Вообще, современная культура сделала едва ли не обратными отношения между словами и образами: отныне слово все больше и больше служит образу, а не наоборот. Это особенно очевидно в массовой культуре (рекламе и т. д.), где словесные высказывания систематически играют вспомогательную роль по отношению к зрительным представлениям. Благодаря «Мифологиям» Ролана Барта (1957) мы знаем, что и современные идеологии передаются главным образом не через артикулированные логические формулировки, а посредством «мифов», многие из которых – включая самые действенные – основаны именно на образах. В конечном счете идеология стремится сформировать в сознании своего потребителя не ясную идею, которую можно было бы подтвердить или опровергнуть обычными средствами логики, но своего рода образ, чья неопределенность делает его поливалентным и неуязвимым для рациональной критики. Происходит своего рода инволюция: идея возвращается к своему исходному значению «формы», «фигуры», растворяя логические членения в континууме перцептивных и фигуративных представлений.

В-третьих, в современной культуре активизируется перформативный характер идеологических высказываний, включая такую характеристику, как диалогичность. Идеи становятся высказываниями, énoncés, продуктами социально определенных речевых актов (Дж. Л. Остин); перефразируя знаменитую формулу Ж.-П. Сартра, можно сказать, что современная идея – это «идея плюс ее ситуация», и прежде всего идея плюс ее хозяин.
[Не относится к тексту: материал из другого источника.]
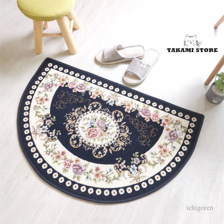 半円玄関マット 花柄 薄型 屋内 室内 キッチン用品 食器 調理器具 豊富 ダークブルー コーヒー レッド ブルー 45*70cm 50*80cm 60*90cm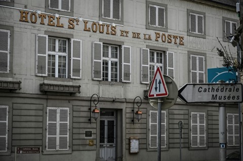 | La façade de l'hôtel Saint-Louis à Autun, où se trouve la "chambre Napoléon", le 15 février 2021. |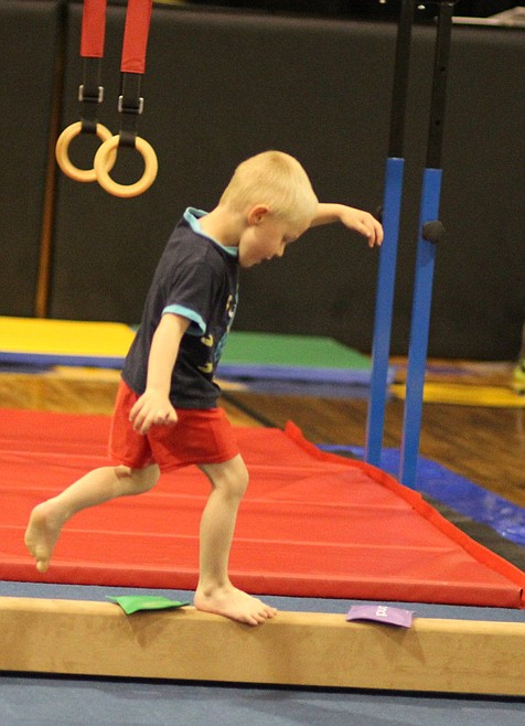 Dominic Mancini, 3, gives the practice beam a try at gymnastics in the St. Regis School gym.

Такая логическая «нечистота» идей затрагивает свойства их восприятия (скажем, опровержение идеи принимает форму не логической деконструкции ее терминов, а моральной или политической дискредитации ее сторонников), но может наблюдаться и в их внутренней структуре. Примером апроприации идей могут служить романы Достоевского в интерпретации М.М. Бахтина: их персонажи являются настоящими «идеологами» (творцами идей, создателями концепций и систем), их частный дискурс отягощается грузом абстрактных убеждений. Речь такого персонажа вбирает в себя возражения и замечания, с которыми она может столкнуться, она заранее озабочена словами своего оппонента. Соответственно такие речи – можно предположить, что они имеют место не только в книгах Достоевского, что русский писатель просто воспроизводил широко распространенную культурную практику, – содержат в себе сразу более одной идеологической позиции, являются предметом дискурсивного кондоминиума, где одно и то же высказывание может фактически принадлежать двум и более субъектам речи. Идея и здесь перестает быть изолированным, самостоятельным атомом истины и становится частью разнородного семантического целого, наряду с другими идеями, которые варьируются, сочленяются, сталкиваются с нею.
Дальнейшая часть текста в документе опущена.